Godfrey Obebo

Personal information
- Date of birth: 16 April 1966 (age 60)
- Place of birth: Lagos, Nigeria
- Position: Forward

Senior career*
- Years: Team / Apps / (Gls)
- Collier Row
- 1993: Halifax Town / 3 / (0)
- Leyton
- Grays Athletic

= Godfrey Obebo =

Nigerian footballer

Godfrey Obebo (born 1 April 1966) is a Nigerian former footballer who played in the English Football League for Halifax Town. He gained extensive experience on the non-League circuit in the Greater London area, and underwent several trials with professional clubs.

==Club career==
Obebo was born in Lagos. He emigrated to the United Kingdom in October 1986 and trialled with Port Vale. Further unsuccessful trials ensued, including with Birmingham City (March 1993), Bristol City (November 1993), and Cambridge United (August 1994).

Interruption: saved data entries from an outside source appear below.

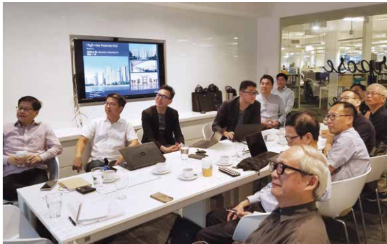
通過與建設局、建築師交流了解最新技術。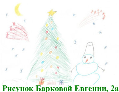
Рисунок Барковой Евгении, 2а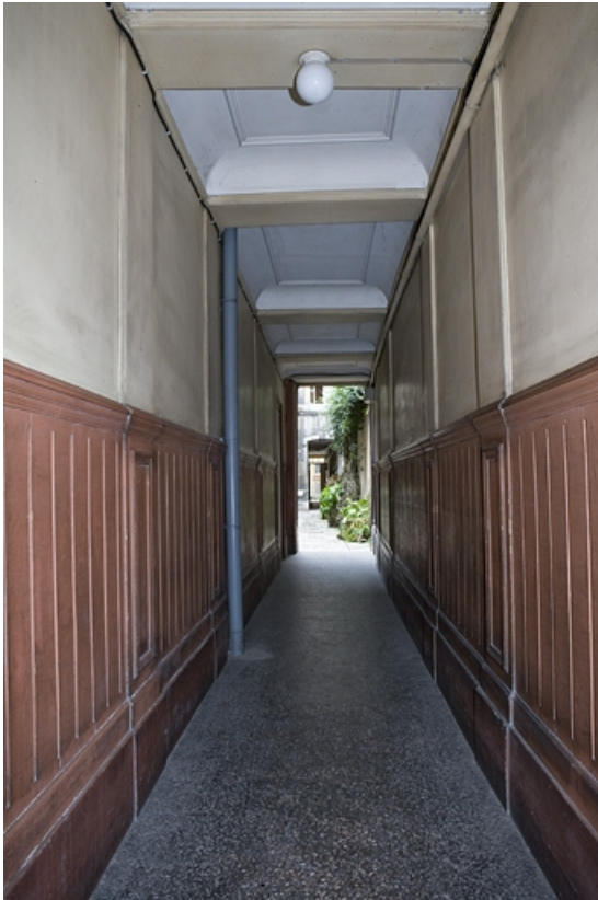
Vue d'ensemble du couloir d'entrée.

25, Besançon Grande Rue 136, lieudit : îlot Ronchaux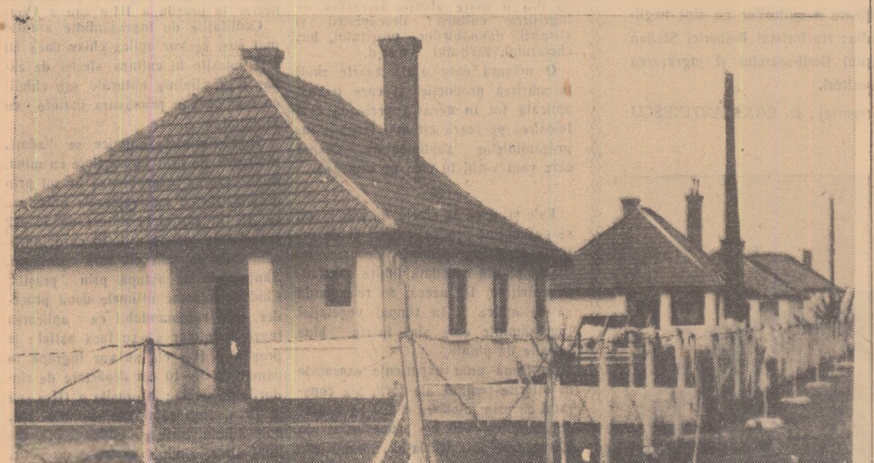
Mecanizatorilor de la S.M.T. Cobadin, regiunea Constanța, le sînt create condiții tot mai bune de muncă și de trai, iată, în fotografie, o parte a locuințelor individuale construite de curînd pentru mecanizatorii din acest S.M.T.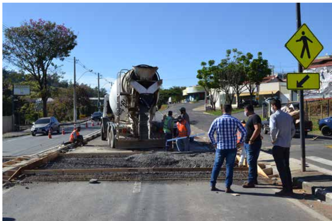
Devem ser instaladas 30 lombofaixas na cidade

Os serviços estão sendo coordenados pelas secretarias municipais de Obras e Vias Públicas, Segurança e Cidadania, contando com o apoio da Divisão de Trânsito (DITRAN).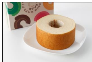
Tish izu バウム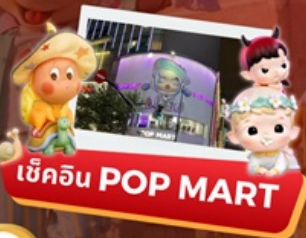
เช็คอิน POP MART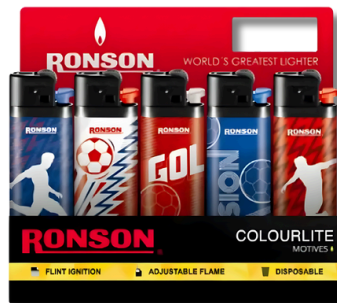
ENC. RONSON COLOURLITE X20U (FOOTBALL)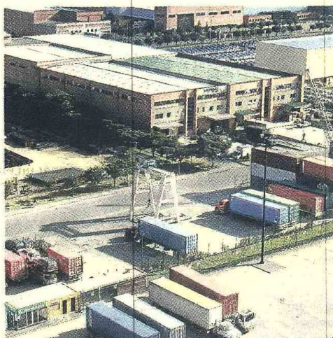
La zona franca de Bogotá es una de las de mayor dinámica comercial en el país.

El crecimiento en el ingreso de mercancías a las zonas francas, en dinero, ascendió a 12.431 millo-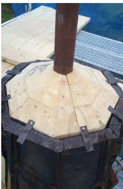
Figur 9. Detalj av spirans infästning.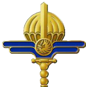
OFF – FS2 – CT2

S'inspirant de l'insigne de la première Section d'Entretien des Parachutes (191 ème SEP), créée en Algérie en 1947, et décliné par niveau technique détenu (CT2, CT1, CTE), l'insigne de spécialité MATPARA a été approuvé par le chef d'état-major de l'Armée de Terre par lettre n°505229 du 7 juin 2017 et homologué par décision ministérielle du service historique de la Défense sous les numéros suivants : GS.329 « or », GS.330 « argent », GS 331 « bronze ».

In March 1993, Obebo joined Halifax Town, who were at the bottom of the Football League Third Division, under the guise of being a former Nigeria international who had played in Serie A. Despite these claims about his past, manager Mick Rathbone would later describe Obebo as "hopeless". He made three substitute appearances but was unable to prevent the club's relegation.

When Rathbone asked substitute Obebo to "warm up" during an away game at Doncaster Rovers, he misunderstood and went back to the changing rooms to sit beside a radiator.

In 1995–96 Obebo was playing for Grays Athletic. In March 1998 he was awaiting clearance to sign for League of Wales club Porthmadog, having also been attached to Kingstonian during that campaign.

In 2015 Obebo was serving as the assistant coach of Tower Hamlets FC. In 2022 he was a vice president of Clapton FC.